── Data to examine

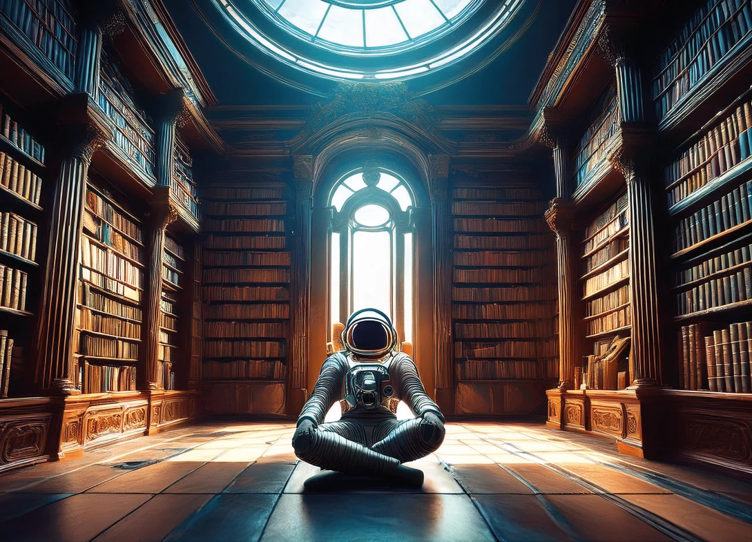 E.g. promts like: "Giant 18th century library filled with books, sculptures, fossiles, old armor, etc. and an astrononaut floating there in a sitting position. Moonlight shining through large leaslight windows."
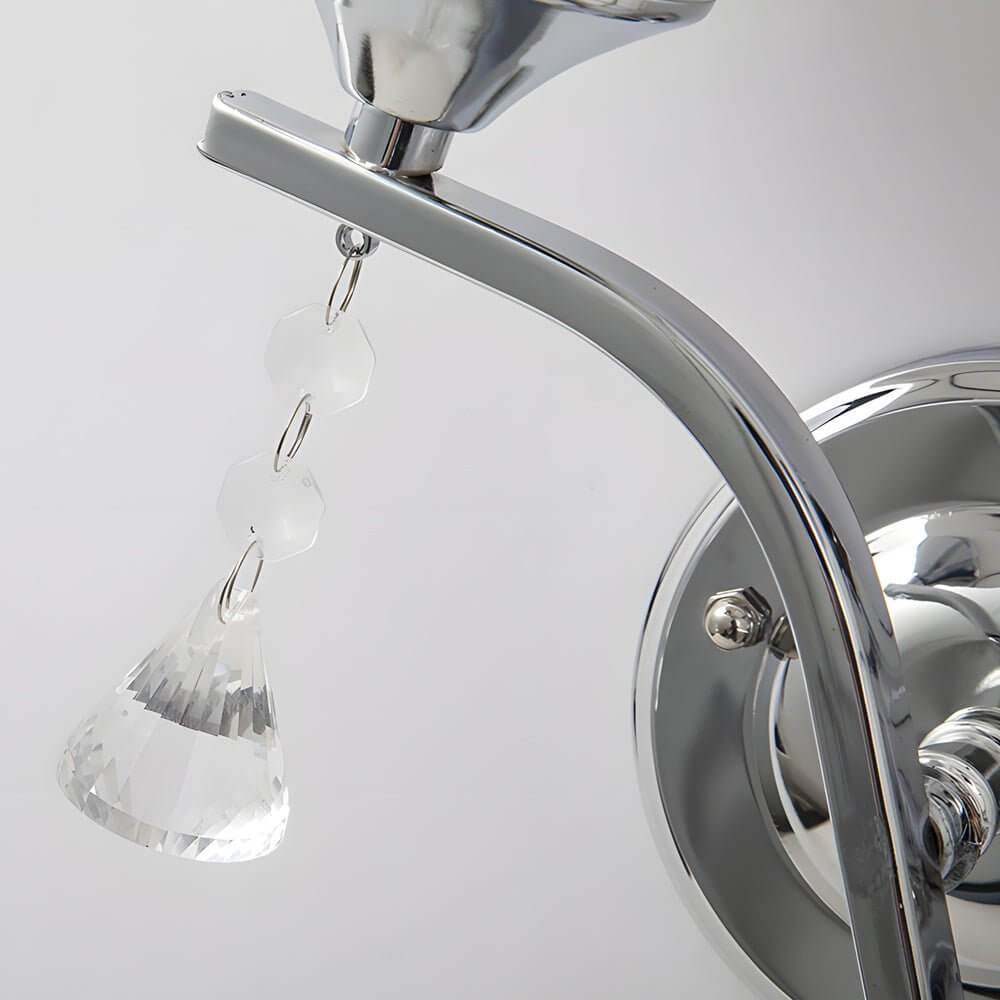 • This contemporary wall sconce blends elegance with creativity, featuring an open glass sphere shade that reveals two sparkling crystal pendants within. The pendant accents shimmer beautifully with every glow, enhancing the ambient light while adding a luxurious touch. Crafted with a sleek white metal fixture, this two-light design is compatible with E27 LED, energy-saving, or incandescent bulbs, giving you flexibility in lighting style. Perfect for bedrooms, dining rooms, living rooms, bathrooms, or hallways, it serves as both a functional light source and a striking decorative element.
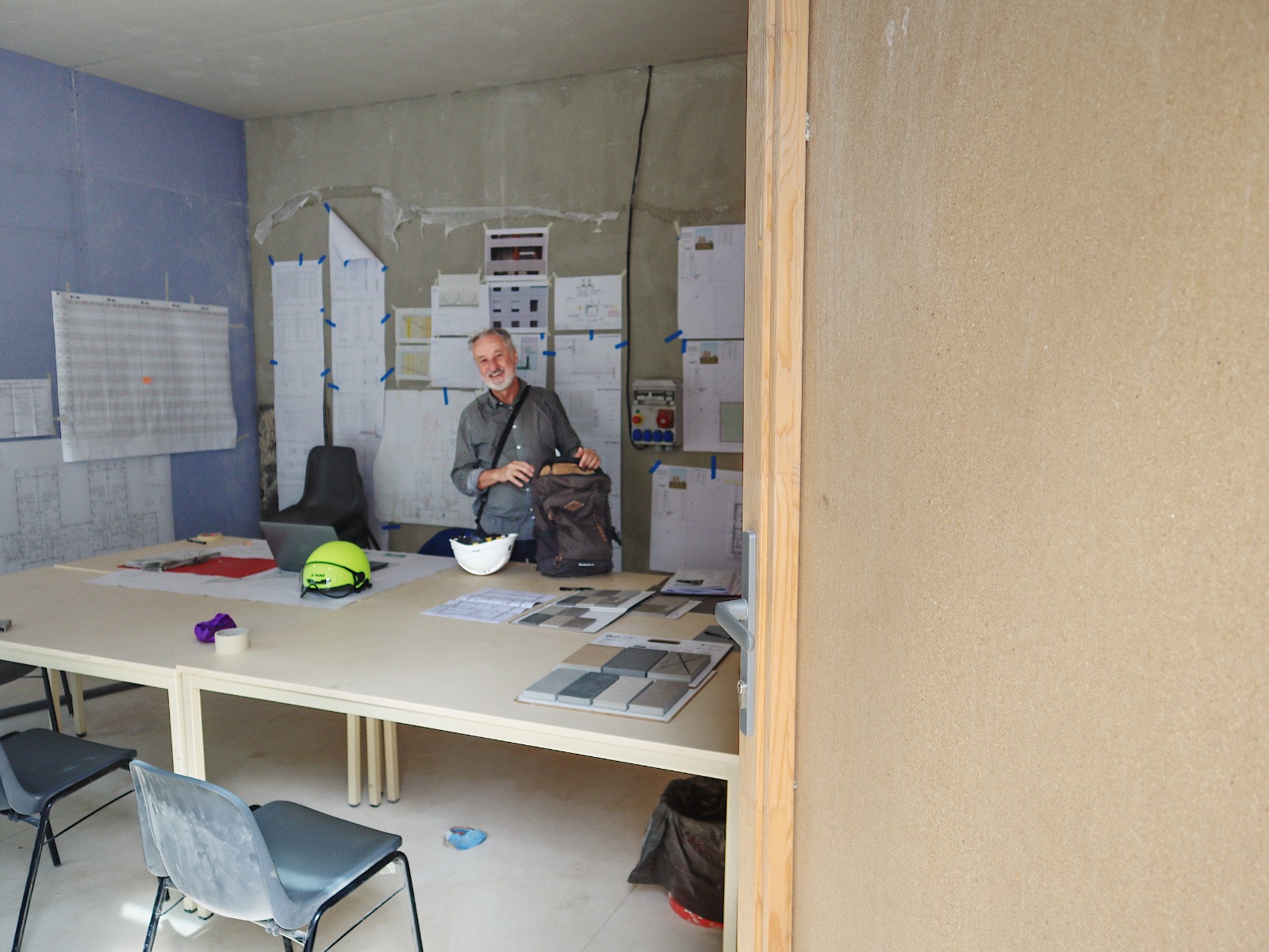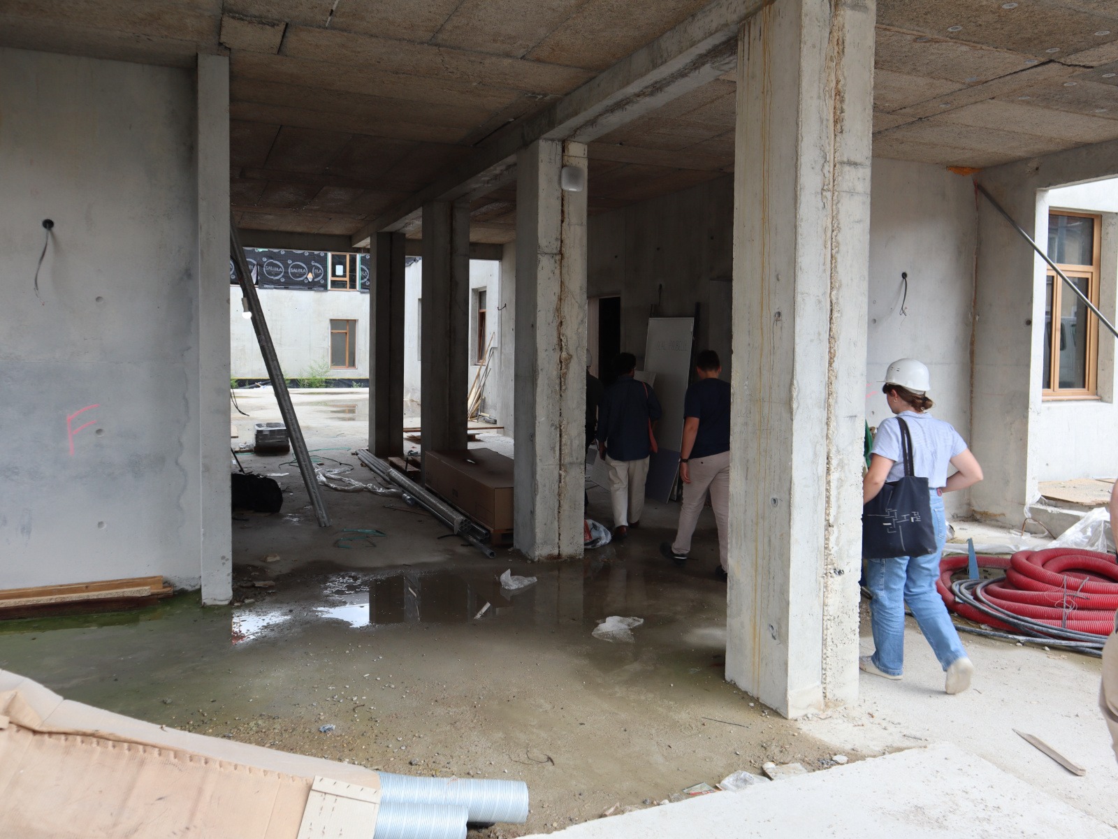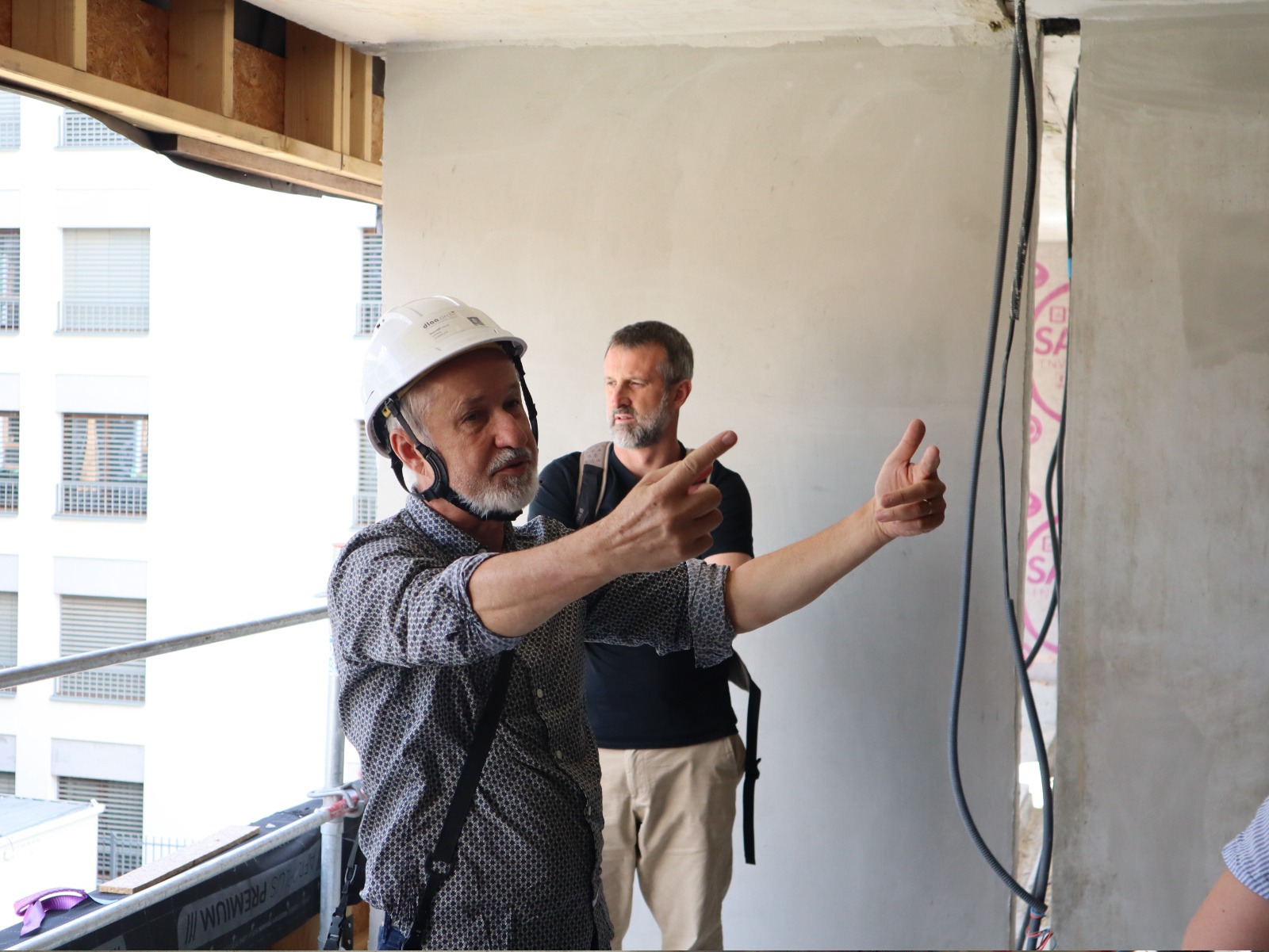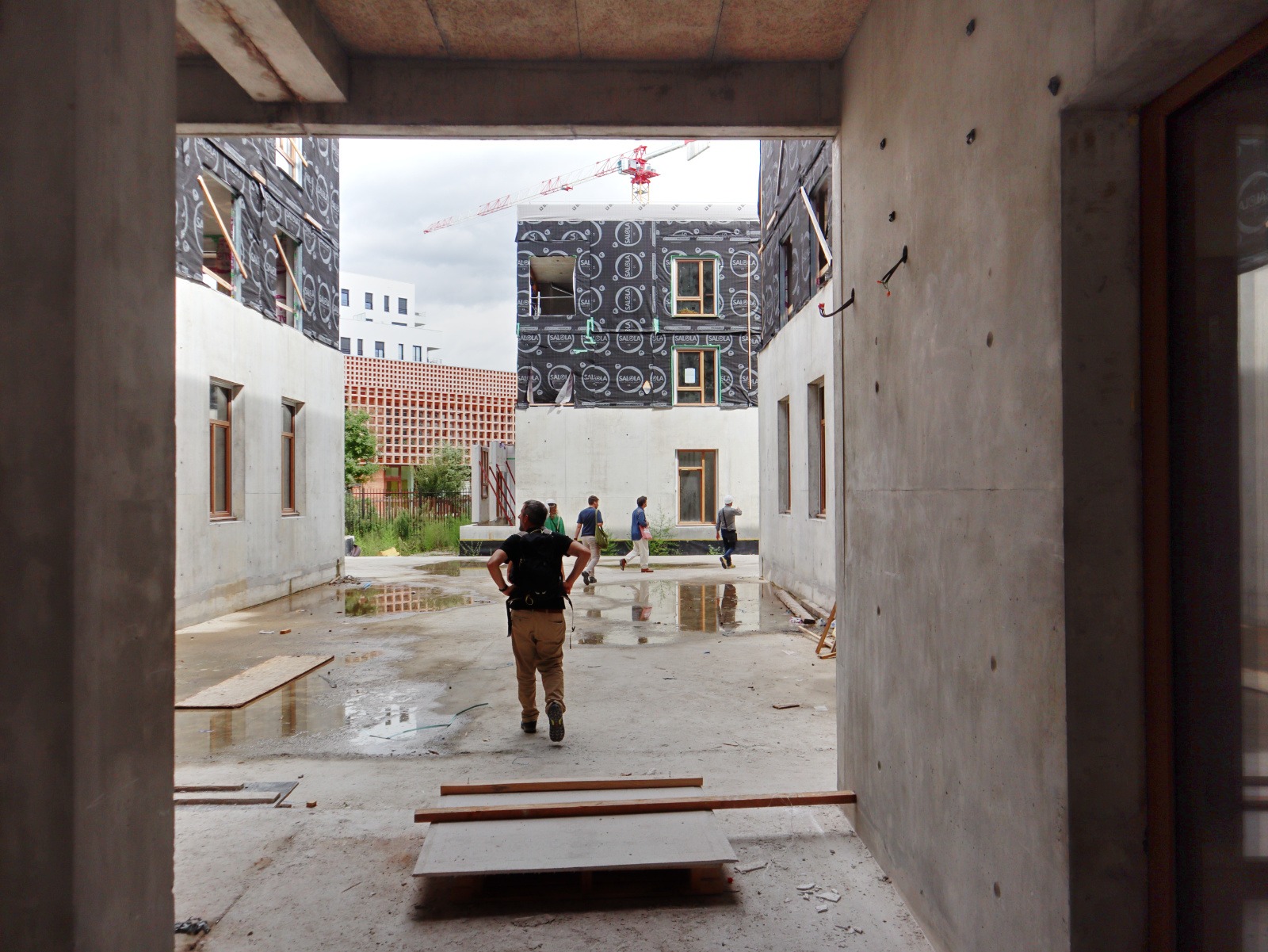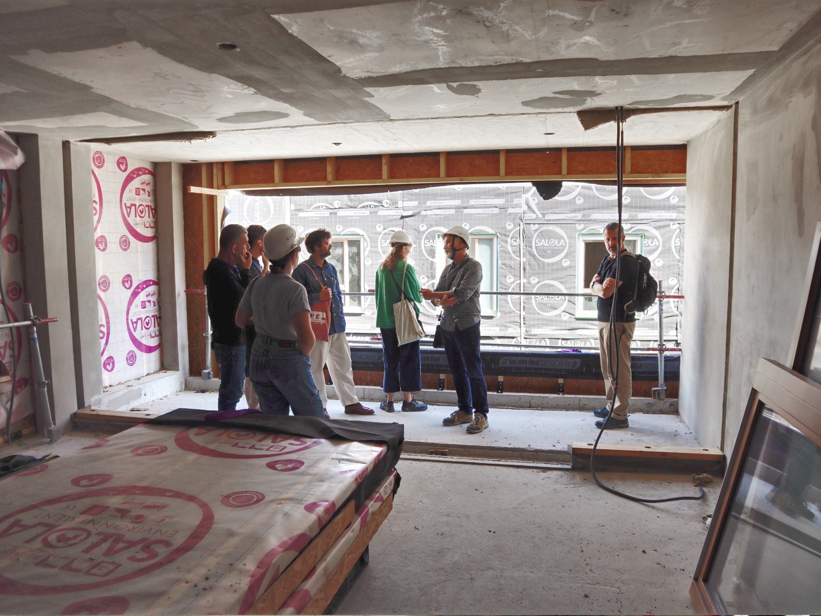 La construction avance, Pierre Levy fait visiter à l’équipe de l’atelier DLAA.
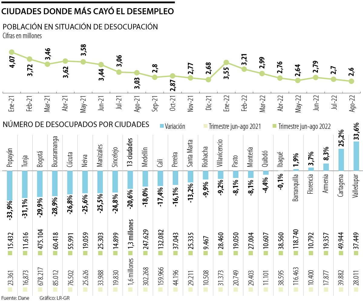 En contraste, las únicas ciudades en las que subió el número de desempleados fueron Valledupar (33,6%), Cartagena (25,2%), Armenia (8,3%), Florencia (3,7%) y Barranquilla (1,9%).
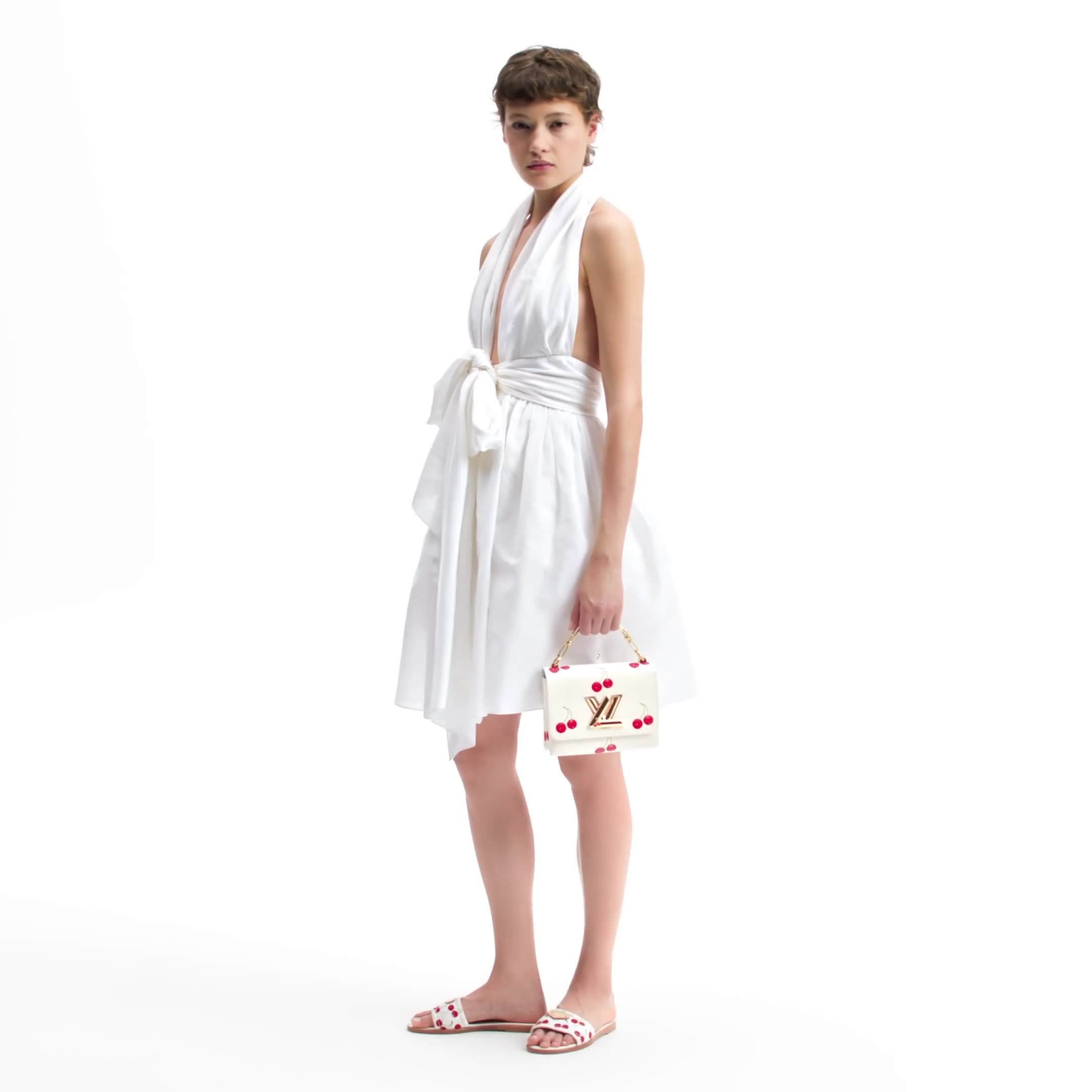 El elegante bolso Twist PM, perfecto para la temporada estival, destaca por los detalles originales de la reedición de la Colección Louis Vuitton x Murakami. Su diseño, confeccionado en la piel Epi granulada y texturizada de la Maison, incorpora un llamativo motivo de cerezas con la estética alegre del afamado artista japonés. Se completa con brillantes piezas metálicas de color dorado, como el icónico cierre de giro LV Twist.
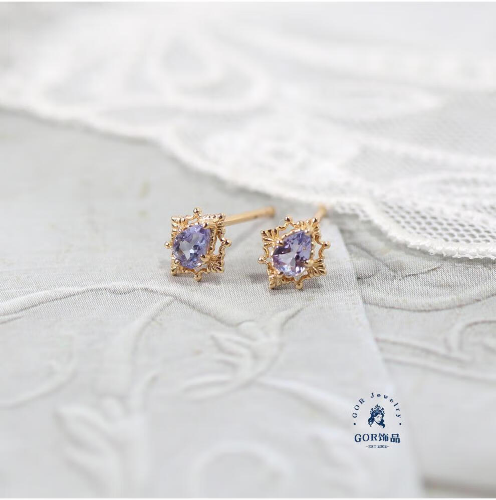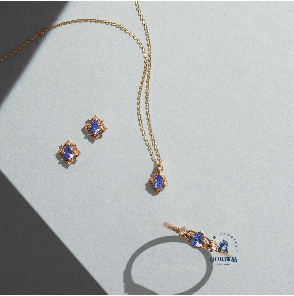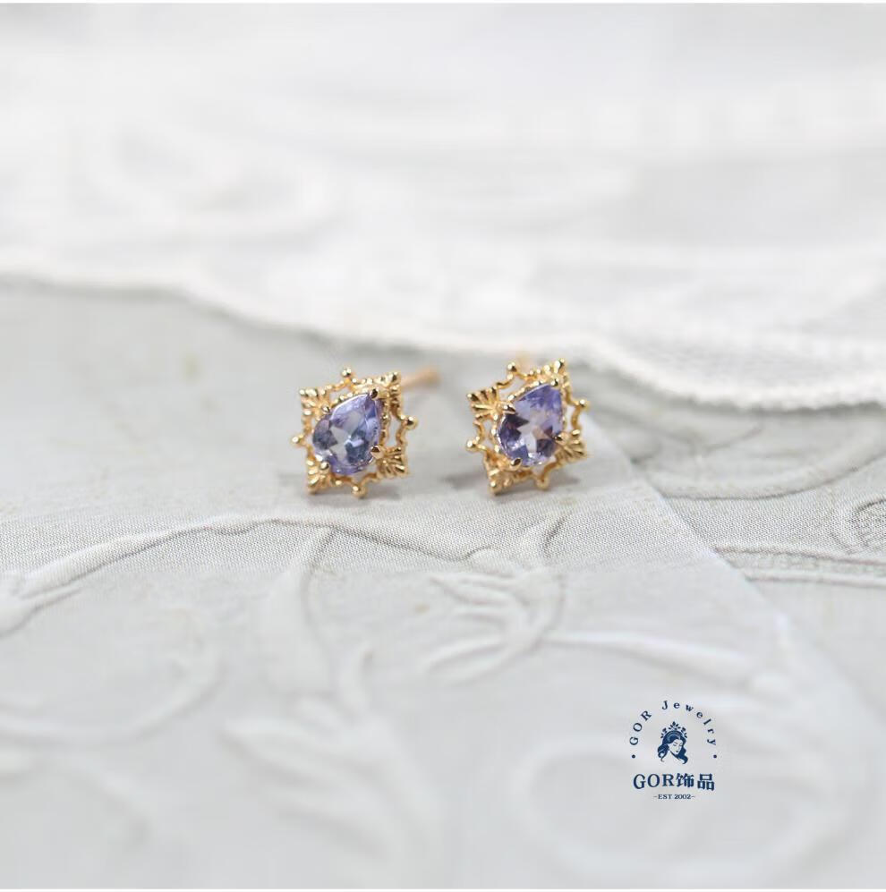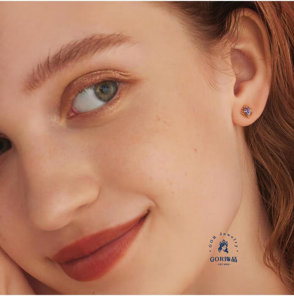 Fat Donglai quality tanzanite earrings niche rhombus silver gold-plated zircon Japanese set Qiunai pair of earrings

────

Aim of the task:
Could you give the listing again exactly, minus its pictures?

Your response:
 E.g. promts like: "Giant 18th century library filled with books, sculptures, fossiles, old armor, etc. and an astrononaut floating there in a sitting position. Moonlight shining through large leaslight windows."
 • This contemporary wall sconce blends elegance with creativity, featuring an open glass sphere shade that reveals two sparkling crystal pendants within. The pendant accents shimmer beautifully with every glow, enhancing the ambient light while adding a luxurious touch. Crafted with a sleek white metal fixture, this two-light design is compatible with E27 LED, energy-saving, or incandescent bulbs, giving you flexibility in lighting style. Perfect for bedrooms, dining rooms, living rooms, bathrooms, or hallways, it serves as both a functional light source and a striking decorative element.
 La construction avance, Pierre Levy fait visiter à l’équipe de l’atelier DLAA.
 En contraste, las únicas ciudades en las que subió el número de desempleados fueron Valledupar (33,6%), Cartagena (25,2%), Armenia (8,3%), Florencia (3,7%) y Barranquilla (1,9%).
 El elegante bolso Twist PM, perfecto para la temporada estival, destaca por los detalles originales de la reedición de la Colección Louis Vuitton x Murakami. Su diseño, confeccionado en la piel Epi granulada y texturizada de la Maison, incorpora un llamativo motivo de cerezas con la estética alegre del afamado artista japonés. Se completa con brillantes piezas metálicas de color dorado, como el icónico cierre de giro LV Twist.
 Fat Donglai quality tanzanite earrings niche rhombus silver gold-plated zircon Japanese set Qiunai pair of earrings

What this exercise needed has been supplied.